**RAW DATA**.
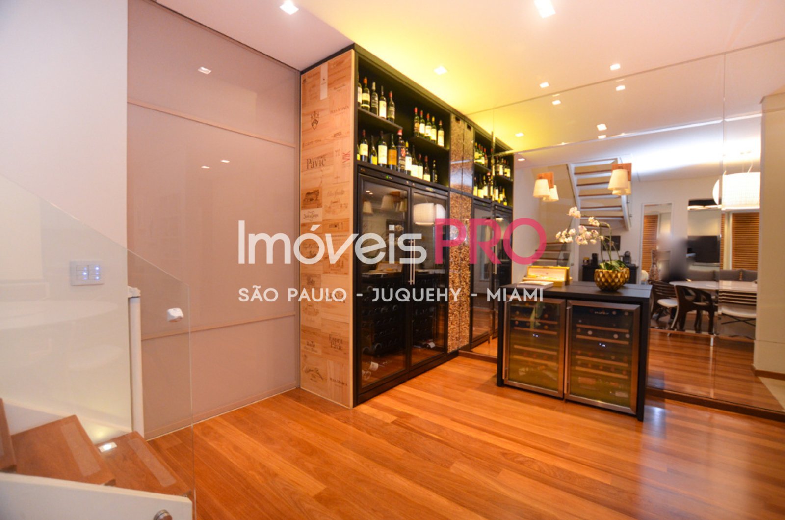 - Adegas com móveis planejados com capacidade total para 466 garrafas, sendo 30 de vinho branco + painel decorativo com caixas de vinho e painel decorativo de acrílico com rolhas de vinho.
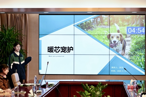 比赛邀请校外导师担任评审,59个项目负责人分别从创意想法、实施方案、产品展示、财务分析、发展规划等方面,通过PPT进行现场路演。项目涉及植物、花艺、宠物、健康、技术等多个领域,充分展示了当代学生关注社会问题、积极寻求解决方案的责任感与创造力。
--
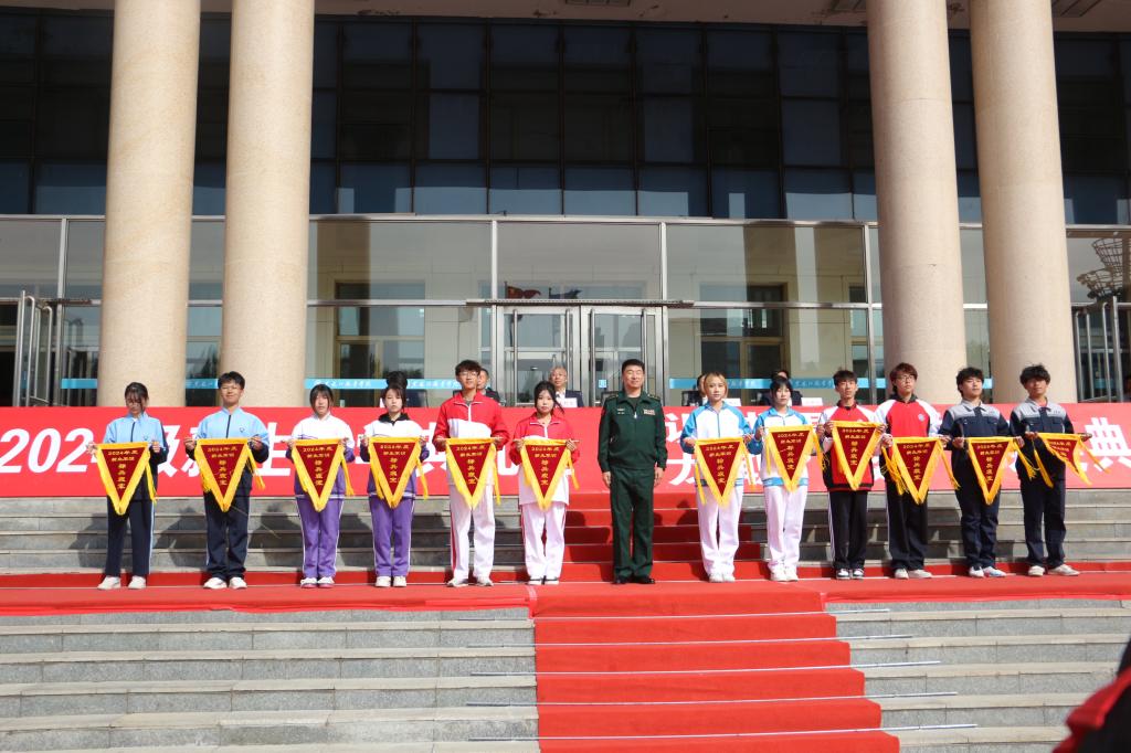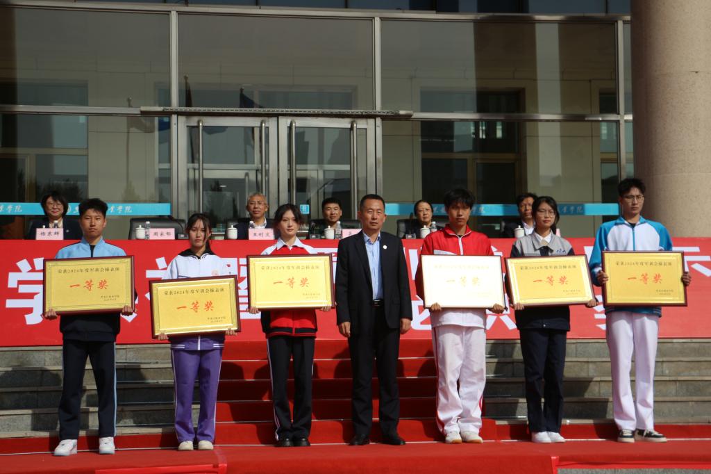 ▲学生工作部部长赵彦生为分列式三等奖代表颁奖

**REQUIREMENT**. Exact copy, pictures excluded: every line above from the one containing "- Adegas com" to the one containing "比赛邀请校外导师担任评审,5", inclusive, and nothing more.

**ANSWER BELOW**.
 - Adegas com móveis planejados com capacidade total para 466 garrafas, sendo 30 de vinho branco + painel decorativo com caixas de vinho e painel decorativo de acrílico com rolhas de vinho.
 比赛邀请校外导师担任评审,59个项目负责人分别从创意想法、实施方案、产品展示、财务分析、发展规划等方面,通过PPT进行现场路演。项目涉及植物、花艺、宠物、健康、技术等多个领域,充分展示了当代学生关注社会问题、积极寻求解决方案的责任感与创造力。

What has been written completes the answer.